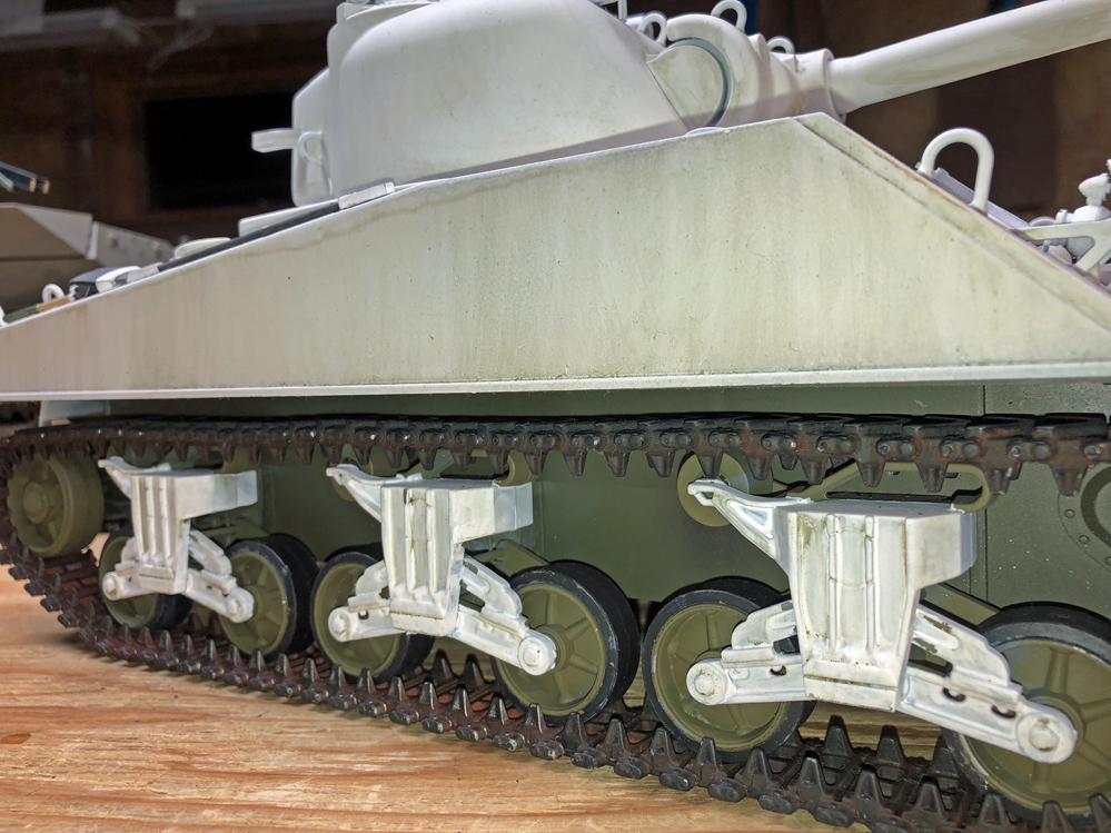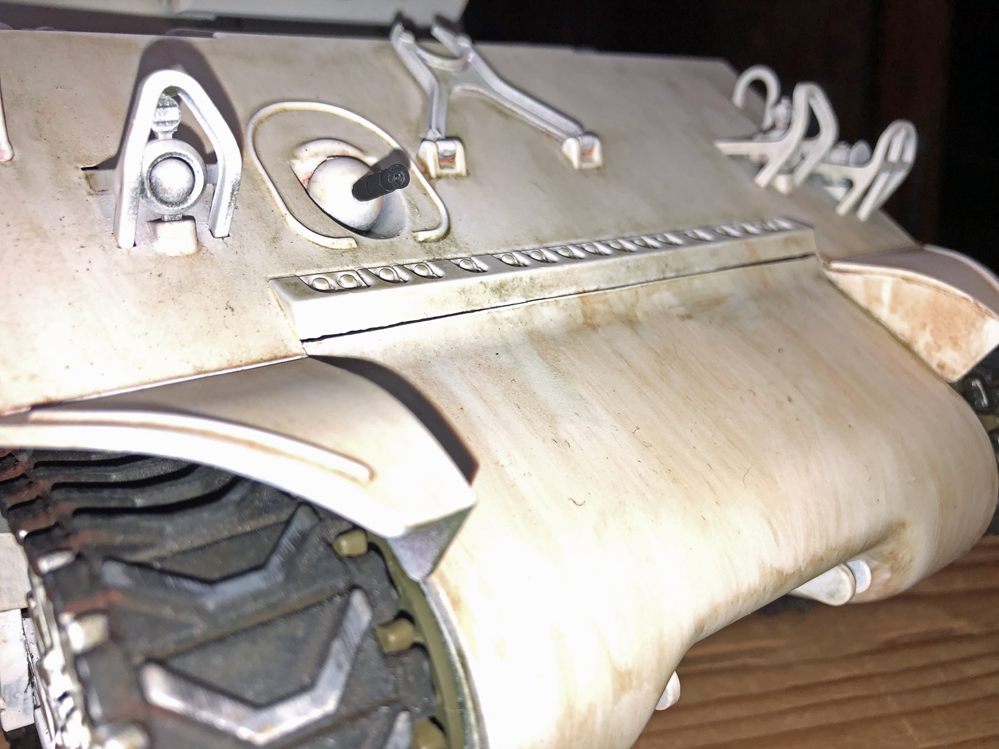 I got some time to start weathering the wedding-dress winter-white Sherman. Cringing all the way, I streaked with oils until I got something of the look of the two M4A3 105s in the photo of Jan. 1945 in Hochdelden, France (photo above). If you click on the photos to expand them, the weathering becomes more pronounced.
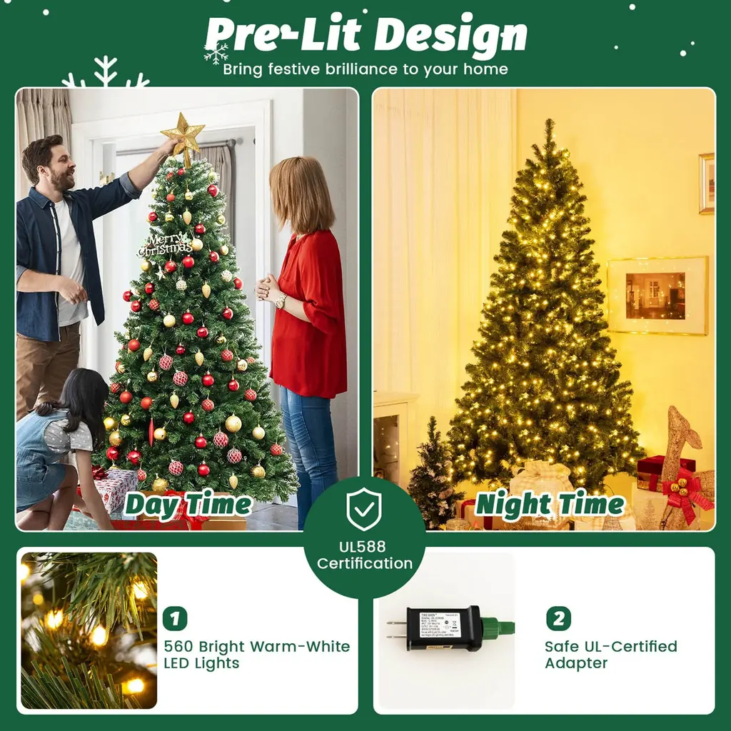 Gymax 6/7/8 Ft Pre-Lit Artificial Christmas Tree Hinged Xmas Tree W/ - 6 Foot
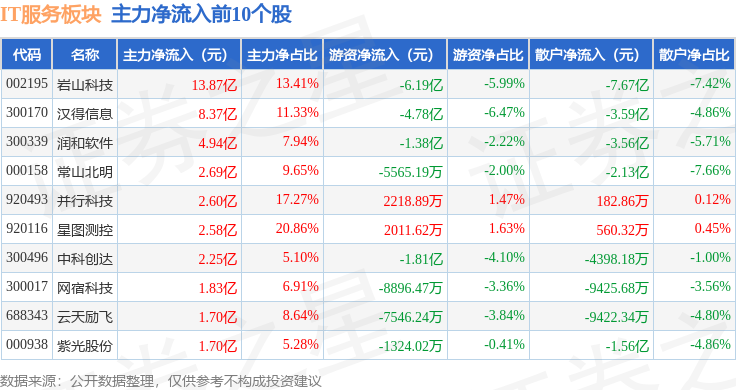 从资金流向上来看,当日IT服务板块主力资金净流入43.39亿元,游资资金净流出25.67亿元,散户资金净流出17.72亿元。IT服务板块个股资金流向见下表:
=====
*What you need to do:* Nothing but the pictures may be dropped; restate the material word for word.

*Solution to the problem:*
 I got some time to start weathering the wedding-dress winter-white Sherman. Cringing all the way, I streaked with oils until I got something of the look of the two M4A3 105s in the photo of Jan. 1945 in Hochdelden, France (photo above). If you click on the photos to expand them, the weathering becomes more pronounced.
 Gymax 6/7/8 Ft Pre-Lit Artificial Christmas Tree Hinged Xmas Tree W/ - 6 Foot
 从资金流向上来看,当日IT服务板块主力资金净流入43.39亿元,游资资金净流出25.67亿元,散户资金净流出17.72亿元。IT服务板块个股资金流向见下表:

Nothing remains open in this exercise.